* Task statement *
Using the entries that follow, transcribe only the lines from the line with "A young male" to the line with "Die Orgel baute", both included, exactly as they stand and without pictures.

* Data to examine *
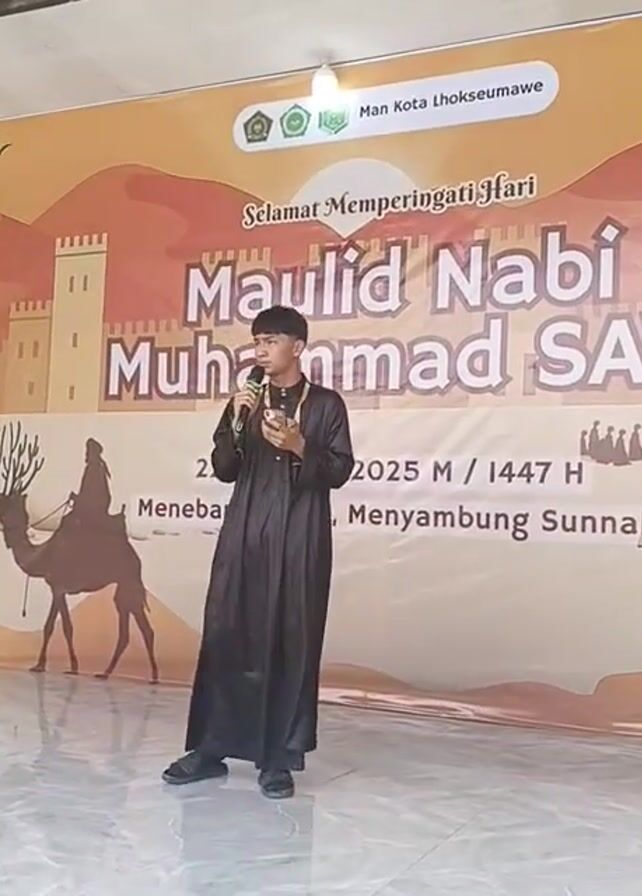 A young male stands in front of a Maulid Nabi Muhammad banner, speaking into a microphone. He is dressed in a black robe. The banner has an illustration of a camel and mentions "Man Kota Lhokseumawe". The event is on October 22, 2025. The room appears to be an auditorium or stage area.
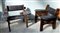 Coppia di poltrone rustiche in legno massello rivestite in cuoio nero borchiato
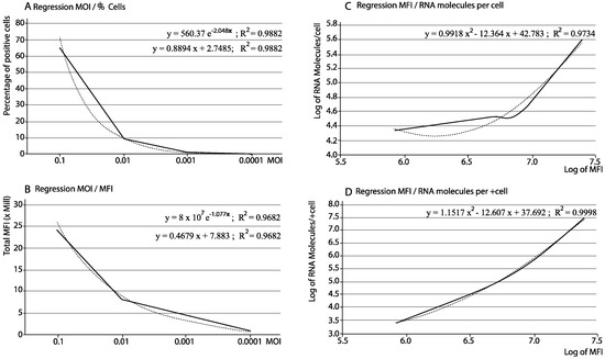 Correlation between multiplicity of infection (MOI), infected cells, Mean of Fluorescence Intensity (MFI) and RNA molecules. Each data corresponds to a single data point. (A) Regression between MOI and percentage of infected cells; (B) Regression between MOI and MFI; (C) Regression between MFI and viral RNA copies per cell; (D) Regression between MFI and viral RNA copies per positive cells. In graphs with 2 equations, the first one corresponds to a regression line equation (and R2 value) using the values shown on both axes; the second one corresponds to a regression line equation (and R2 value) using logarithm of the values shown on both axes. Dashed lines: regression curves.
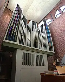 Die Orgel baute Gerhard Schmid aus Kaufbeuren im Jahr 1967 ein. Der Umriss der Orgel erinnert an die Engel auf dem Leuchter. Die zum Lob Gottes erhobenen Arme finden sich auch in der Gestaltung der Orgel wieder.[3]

--

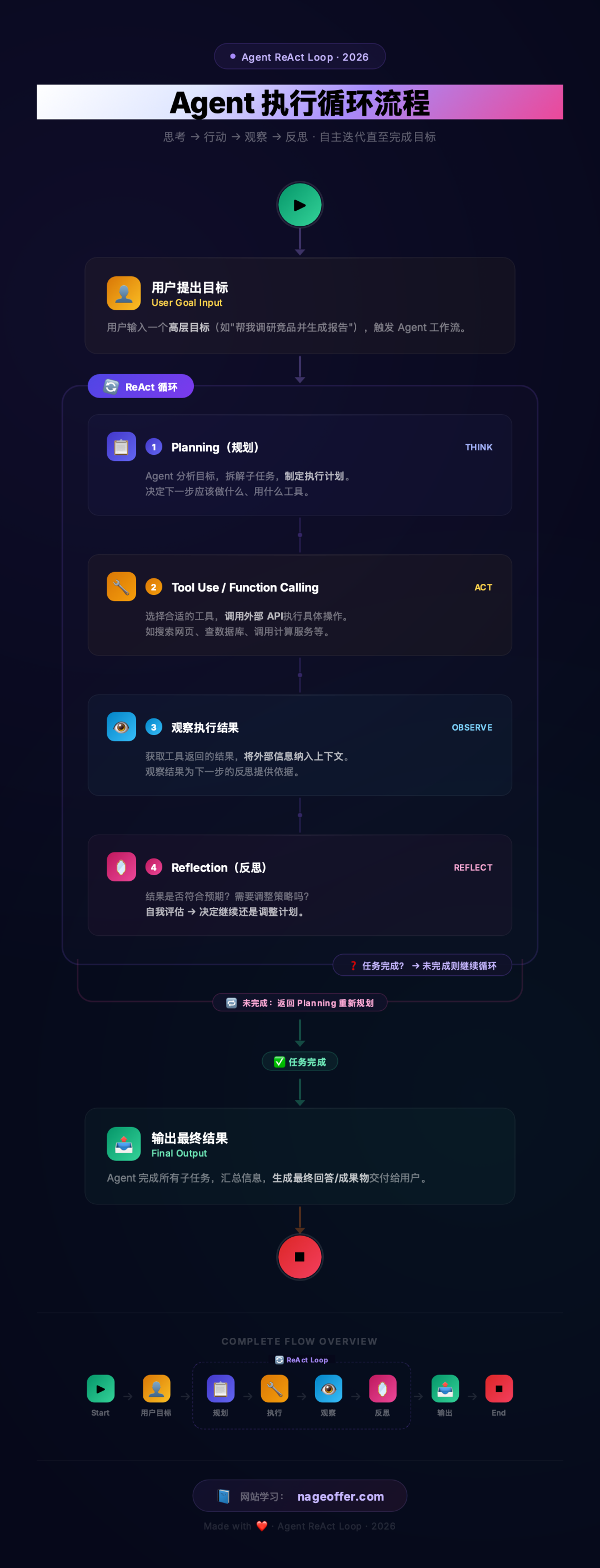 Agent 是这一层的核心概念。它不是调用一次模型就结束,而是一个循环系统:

* Answer to the problem *
 A young male stands in front of a Maulid Nabi Muhammad banner, speaking into a microphone. He is dressed in a black robe. The banner has an illustration of a camel and mentions "Man Kota Lhokseumawe". The event is on October 22, 2025. The room appears to be an auditorium or stage area.
 Coppia di poltrone rustiche in legno massello rivestite in cuoio nero borchiato
 Correlation between multiplicity of infection (MOI), infected cells, Mean of Fluorescence Intensity (MFI) and RNA molecules. Each data corresponds to a single data point. (A) Regression between MOI and percentage of infected cells; (B) Regression between MOI and MFI; (C) Regression between MFI and viral RNA copies per cell; (D) Regression between MFI and viral RNA copies per positive cells. In graphs with 2 equations, the first one corresponds to a regression line equation (and R2 value) using the values shown on both axes; the second one corresponds to a regression line equation (and R2 value) using logarithm of the values shown on both axes. Dashed lines: regression curves.
 Die Orgel baute Gerhard Schmid aus Kaufbeuren im Jahr 1967 ein. Der Umriss der Orgel erinnert an die Engel auf dem Leuchter. Die zum Lob Gottes erhobenen Arme finden sich auch in der Gestaltung der Orgel wieder.[3]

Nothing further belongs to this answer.